Asrem condannata al risarcimento di 50mila euro per mancato risposo compensativo

15 Luglio 2023 0 Di

 

di Redazione

(PressMoliLaz) Termoli (CB), 15 lug 23 Con recente sentenza pubblicata il 10/07/2023, la Corte d’Appello di Campobasso-sez. Lavoro, ha confermato integralmente la sentenza di giudice di I° grado che aveva condannato la ASREM al pagamento in favore della ricorrente-dirigente medico del P.O. di Termoli, rappresentata e difesa dall’avv. Luca Damiano del foro di Vasto, che da anni porta avanti la battaglia per il rispetto dell’orario di lavoro da parte delle Aziende sanitarie in favore del personale della sanità, della somma complessiva di circa € 50.000,00= dovuta a titolo risarcitorio per il mancato riposo compensativo e settimanale.

In tale pronuncia la Corte ha ribadito che il danno nel caso di specie è presunto.

Come osservato dalla Suprema Corte laddove il dipendente in servizio di pronta disponibilità venga chiamato a rendere la prestazione, l’azienda, oltre a corrispondere la maggiorazione prevista dalla contrattazione collettiva dovrà comunque garantire allo stesso il riposo settimanale, a prescindere da una sua richiesta, trattandosi di diritto indisponibile, riconosciuto dalla Carta costituzionale oltre che dall’art. 5 della direttiva 2003/88/CE (Cass., sez. L, n. 6491 del 4.4.2016).

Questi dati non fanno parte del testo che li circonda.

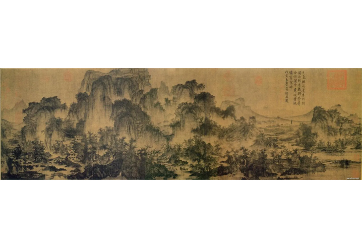 本作品取材自北宋李成的畫作《茂林遠岫圖》。李成,李唐宗室后裔,少時博通經(jīng)史、學識淹貫,因滿懷抱負不得施展,故寄情于詩酒書畫,與關仝、范寬并稱北宋山水畫三大家。

Rilevando un interesse del lavoratore che ha una diretta copertura costituzionale, il danno da mancata fruizione del riposo settimanale è presunto e non va provato (cfr. Cass., sez. L, sentenza n. 24563 dell’1.12.2016: “In tema di riposo settimanale, ove la sua fruizione oltre il settimo giorno sia legittima, in base alle previsioni normative di vario livello che disciplinano il rapporto e la specifica organizzazione del tempo di lavoro prevedendo deroghe consentite dalla legge e benefici economici compensativi, la maggiorazione del compenso per la peculiare gravosità del lavoro ha natura retributiva e la prescrizione è quinquennale; qualora, invece, la mancata fruizione del riposo dopo sei giorni di lavoro, in assenza di previsioni legittimanti la scelta datoriale, contrasti con gli artt. 36 Cost. e 2109 c.c. ed il lavoratore proponga una domanda di risarcimento del danno da usura psico-fisica, la sussistenza di tale danno deve presumersi ed il corrispondente diritto, che non ha natura retributiva, si prescrive in dieci anni. Se, poi, il lavoratore assuma di aver subito un ulteriore pregiudizio alla salute o danno biologico, che si concretizza in una “infermità” conseguente all’attività lavorativa continua non seguita dai riposi settimanali, un siffatto danno non può ritenersi presuntivamente esistente, ma ne vanno dimostrati la sussistenza ed il nesso eziologico, a prescindere dalla presunzione di colpa insita nella responsabilità nascente dall’illecito contrattuale”).

Sono tanti gli operatori sanitari che si trovano ad effettuare orari di lavoro non conformi alla disciplina contrattuale in materia, a causa della carenza di personale, che pertanto possono vantare il diritto al risarcimento del danno da usura psico-fisica nei confronti della propria azienda.